Reminds me my old idea of building domestic heaters out of Pentium4 chips. 20 chips with TDP of 135W make a decent heater and one can always sell the waste MIPS.

Best regards, Piotr

Reply to
Piotr Wyderski

We do that by controlling the fan speed: keeps the FPGA ~40C which is in the middle of its timing range.

BTDT. It's not as simple as that, because CPUs are point heat sources. To distribute the heat (and stop them melting) you need decent heatsinks and cooling. Servers, which do useful compute and emit waste heat, tend to be cooled assuming a high-velocity, high-noise environment. Domestic heating wants low-velocity, low-noise - which needs different enclosure and cooling arrangements.

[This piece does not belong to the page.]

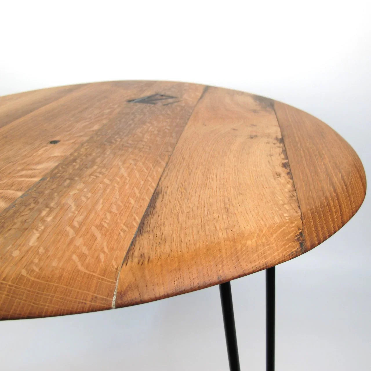 Gefertigt aus wiederverwertetem Eichenholz eines alten Whiskyfasses, bleibt der ursprüngliche Charakter des Materials erhalten. Die handwerkliche Verarbeitung unterstreicht den authentischen Charme jedes einzelnen Tisches.

The system ends up being substantially custom by the end of it.

You can get a long way with a dual-socket server board (~400W) in a 'workstation' case, but it's quite space-inefficient. You can't pack CPUs too closely together, first for thermal reasons but also because RAM and IO take up board area. (Blade servers do that, but again they're designed for fast air cooling).

Unless you plan to put your 'furnace' in the basement with enough sound insulation to deaden the howling fans. Or watercool - needing most custom stuff.

Theo

Reply to
Theo Markettos

I sometimes use a monolithic quad to make a temperature-controlled diff pair. One diagonally opposite pair is the amp, and of the others, one is a diode temperature sensor and one is a heater. Works great.

Cheers

Phil Hobbs

Reply to
pcdhobbs

What a waste of Pentium chips. They make such excellent x-acto knife sharpeners.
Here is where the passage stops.